YOUR TASK: The expected answer is the full listing, repeated exactly and free of images.

MATERIAL PROVIDED:
● ● ●

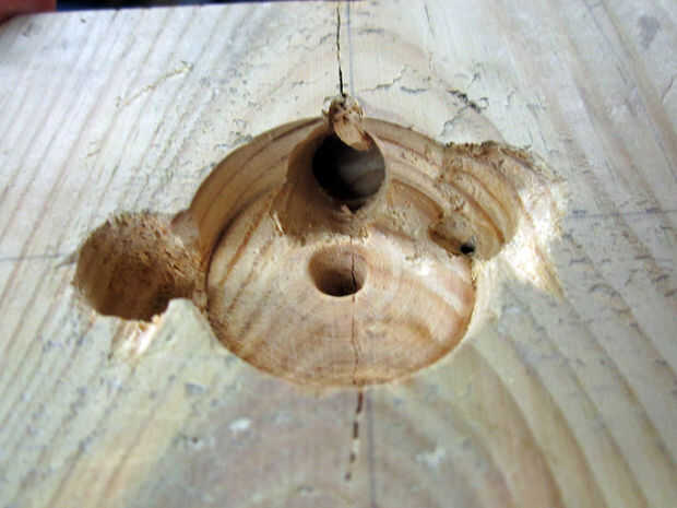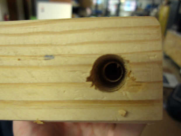 En primer lugar, medir el diámetro de la toma de teléfono. La utilicé fue 15/32". Una broca que hará un agujero está tan cerca de ese tamaño como sea posible y la atornille en el bloque de madera, justo detrás del agujero donde se sentará el disco piezoeléctrico. Conecte luego los dos agujeros atornillando por debajo donde se sentará el disco piezoeléctrico.
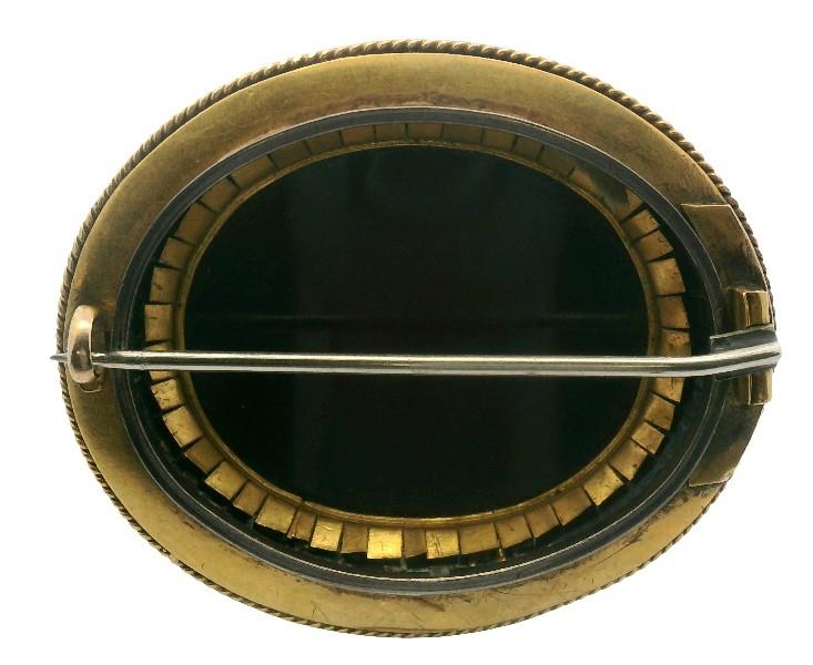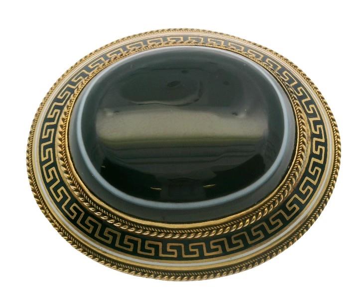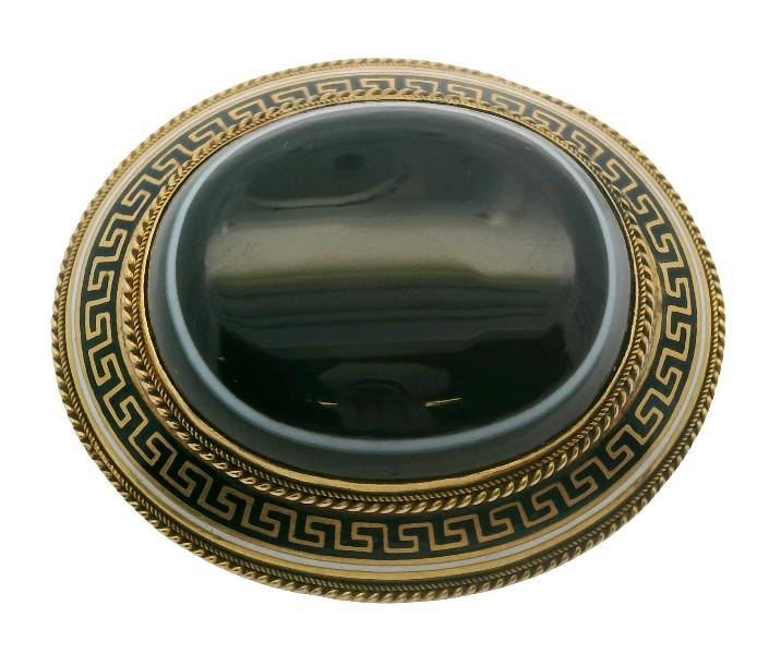 15ct yellow gold top with inner steel sleeve fitted to inner frame, centrally detailed by a large oval cabochon panel of black and white striated sard onyx, rope twist edged, stepping down to a black Grecian Key pattern enamelled frame and a white rim, further rope work to outer edge, completed with brooch pin, open to reverse.
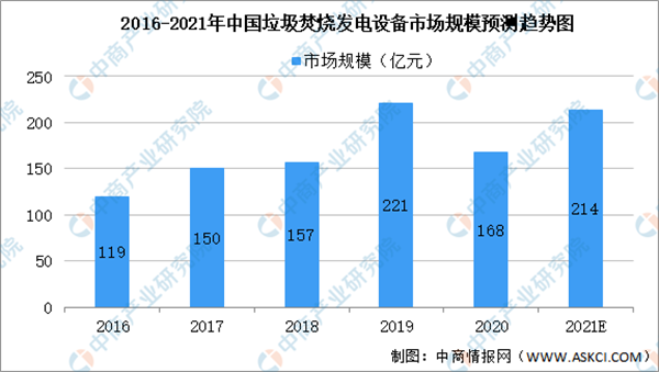 焚燒爐作為垃圾焚燒處理系統(tǒng)最核心的設備,其設計需充分考慮垃圾停留時間、燃燒溫度、煙氣在爐內(nèi)的停留時間及紊流等因素,從而達到完全燃燒、控制惡臭及二噁英類物質(zhì)產(chǎn)生的目的。目前國內(nèi)外應用較多、技術(shù)比較成熟的生活垃圾焚燒爐主要包括爐排爐型焚燒爐、流化床焚燒爐等。2020年,垃圾焚燒發(fā)電設備市場規(guī)模約為168億元,預計2021年我國垃圾焚燒發(fā)電設備市場規(guī)??蛇_214億元。

● ● ●

WRITTEN RESPONSE:
 En primer lugar, medir el diámetro de la toma de teléfono. La utilicé fue 15/32". Una broca que hará un agujero está tan cerca de ese tamaño como sea posible y la atornille en el bloque de madera, justo detrás del agujero donde se sentará el disco piezoeléctrico. Conecte luego los dos agujeros atornillando por debajo donde se sentará el disco piezoeléctrico.
 15ct yellow gold top with inner steel sleeve fitted to inner frame, centrally detailed by a large oval cabochon panel of black and white striated sard onyx, rope twist edged, stepping down to a black Grecian Key pattern enamelled frame and a white rim, further rope work to outer edge, completed with brooch pin, open to reverse.
 焚燒爐作為垃圾焚燒處理系統(tǒng)最核心的設備,其設計需充分考慮垃圾停留時間、燃燒溫度、煙氣在爐內(nèi)的停留時間及紊流等因素,從而達到完全燃燒、控制惡臭及二噁英類物質(zhì)產(chǎn)生的目的。目前國內(nèi)外應用較多、技術(shù)比較成熟的生活垃圾焚燒爐主要包括爐排爐型焚燒爐、流化床焚燒爐等。2020年,垃圾焚燒發(fā)電設備市場規(guī)模約為168億元,預計2021年我國垃圾焚燒發(fā)電設備市場規(guī)??蛇_214億元。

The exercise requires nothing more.